> [Work to be completed] Transcribe these records exactly, dropping every picture.

Stored items:
⁂

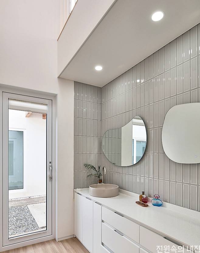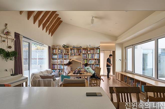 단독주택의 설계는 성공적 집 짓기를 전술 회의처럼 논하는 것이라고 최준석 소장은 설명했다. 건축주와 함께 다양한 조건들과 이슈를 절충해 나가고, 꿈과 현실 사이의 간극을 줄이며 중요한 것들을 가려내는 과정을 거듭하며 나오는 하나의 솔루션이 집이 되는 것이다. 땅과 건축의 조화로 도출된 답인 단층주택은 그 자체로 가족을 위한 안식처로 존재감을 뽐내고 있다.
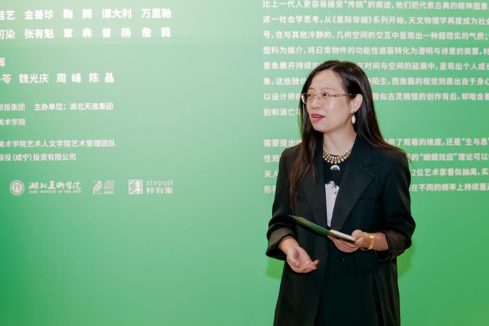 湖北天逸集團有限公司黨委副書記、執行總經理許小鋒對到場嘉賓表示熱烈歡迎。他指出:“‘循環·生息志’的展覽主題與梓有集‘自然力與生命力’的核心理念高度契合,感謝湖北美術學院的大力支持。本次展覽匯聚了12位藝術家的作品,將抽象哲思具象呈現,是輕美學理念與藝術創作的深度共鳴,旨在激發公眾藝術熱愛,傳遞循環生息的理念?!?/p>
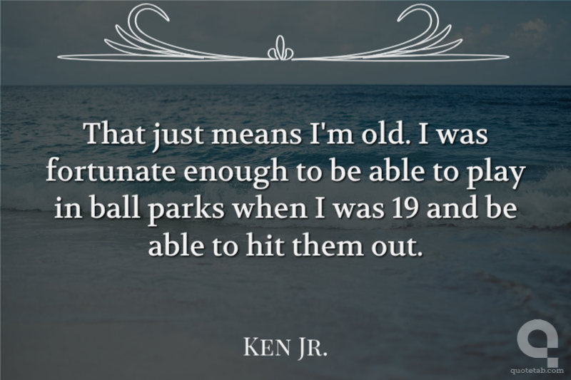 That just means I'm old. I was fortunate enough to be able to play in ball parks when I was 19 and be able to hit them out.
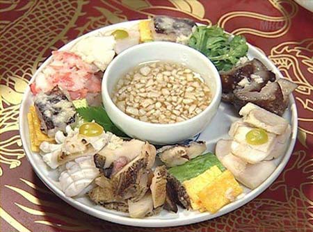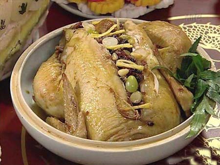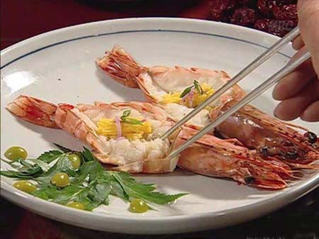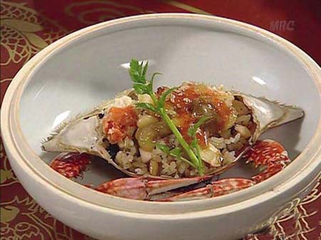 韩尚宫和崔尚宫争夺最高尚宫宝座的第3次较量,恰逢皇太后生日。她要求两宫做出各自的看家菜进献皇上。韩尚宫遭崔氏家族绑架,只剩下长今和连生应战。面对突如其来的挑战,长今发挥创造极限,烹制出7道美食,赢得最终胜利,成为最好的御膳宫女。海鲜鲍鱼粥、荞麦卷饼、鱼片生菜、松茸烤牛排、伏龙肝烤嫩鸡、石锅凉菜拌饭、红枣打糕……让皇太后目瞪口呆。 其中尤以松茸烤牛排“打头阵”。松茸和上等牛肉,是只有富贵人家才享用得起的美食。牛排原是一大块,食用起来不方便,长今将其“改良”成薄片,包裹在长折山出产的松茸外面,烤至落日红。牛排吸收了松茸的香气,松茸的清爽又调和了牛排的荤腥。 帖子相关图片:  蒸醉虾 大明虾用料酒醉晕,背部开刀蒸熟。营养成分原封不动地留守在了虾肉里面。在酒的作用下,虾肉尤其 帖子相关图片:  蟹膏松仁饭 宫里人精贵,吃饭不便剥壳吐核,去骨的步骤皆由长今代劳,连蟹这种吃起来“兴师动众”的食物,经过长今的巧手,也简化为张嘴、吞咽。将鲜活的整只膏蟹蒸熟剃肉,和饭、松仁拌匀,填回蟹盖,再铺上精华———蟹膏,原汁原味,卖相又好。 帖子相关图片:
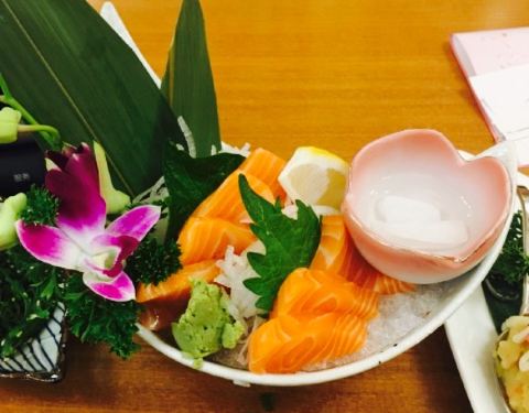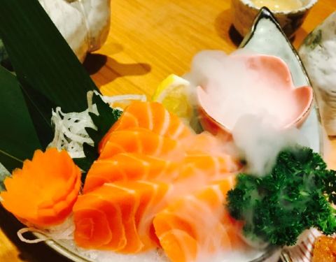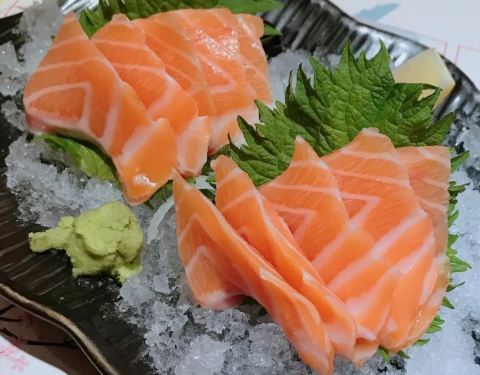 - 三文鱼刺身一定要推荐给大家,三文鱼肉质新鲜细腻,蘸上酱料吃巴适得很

⁂

> [Answer to this task]
 단독주택의 설계는 성공적 집 짓기를 전술 회의처럼 논하는 것이라고 최준석 소장은 설명했다. 건축주와 함께 다양한 조건들과 이슈를 절충해 나가고, 꿈과 현실 사이의 간극을 줄이며 중요한 것들을 가려내는 과정을 거듭하며 나오는 하나의 솔루션이 집이 되는 것이다. 땅과 건축의 조화로 도출된 답인 단층주택은 그 자체로 가족을 위한 안식처로 존재감을 뽐내고 있다.
 湖北天逸集團有限公司黨委副書記、執行總經理許小鋒對到場嘉賓表示熱烈歡迎。他指出:“‘循環·生息志’的展覽主題與梓有集‘自然力與生命力’的核心理念高度契合,感謝湖北美術學院的大力支持。本次展覽匯聚了12位藝術家的作品,將抽象哲思具象呈現,是輕美學理念與藝術創作的深度共鳴,旨在激發公眾藝術熱愛,傳遞循環生息的理念?!?/p>
 That just means I'm old. I was fortunate enough to be able to play in ball parks when I was 19 and be able to hit them out.
 韩尚宫和崔尚宫争夺最高尚宫宝座的第3次较量,恰逢皇太后生日。她要求两宫做出各自的看家菜进献皇上。韩尚宫遭崔氏家族绑架,只剩下长今和连生应战。面对突如其来的挑战,长今发挥创造极限,烹制出7道美食,赢得最终胜利,成为最好的御膳宫女。海鲜鲍鱼粥、荞麦卷饼、鱼片生菜、松茸烤牛排、伏龙肝烤嫩鸡、石锅凉菜拌饭、红枣打糕……让皇太后目瞪口呆。 其中尤以松茸烤牛排“打头阵”。松茸和上等牛肉,是只有富贵人家才享用得起的美食。牛排原是一大块,食用起来不方便,长今将其“改良”成薄片,包裹在长折山出产的松茸外面,烤至落日红。牛排吸收了松茸的香气,松茸的清爽又调和了牛排的荤腥。 帖子相关图片:  蒸醉虾 大明虾用料酒醉晕,背部开刀蒸熟。营养成分原封不动地留守在了虾肉里面。在酒的作用下,虾肉尤其 帖子相关图片:  蟹膏松仁饭 宫里人精贵,吃饭不便剥壳吐核,去骨的步骤皆由长今代劳,连蟹这种吃起来“兴师动众”的食物,经过长今的巧手,也简化为张嘴、吞咽。将鲜活的整只膏蟹蒸熟剃肉,和饭、松仁拌匀,填回蟹盖,再铺上精华———蟹膏,原汁原味,卖相又好。 帖子相关图片:
 - 三文鱼刺身一定要推荐给大家,三文鱼肉质新鲜细腻,蘸上酱料吃巴适得很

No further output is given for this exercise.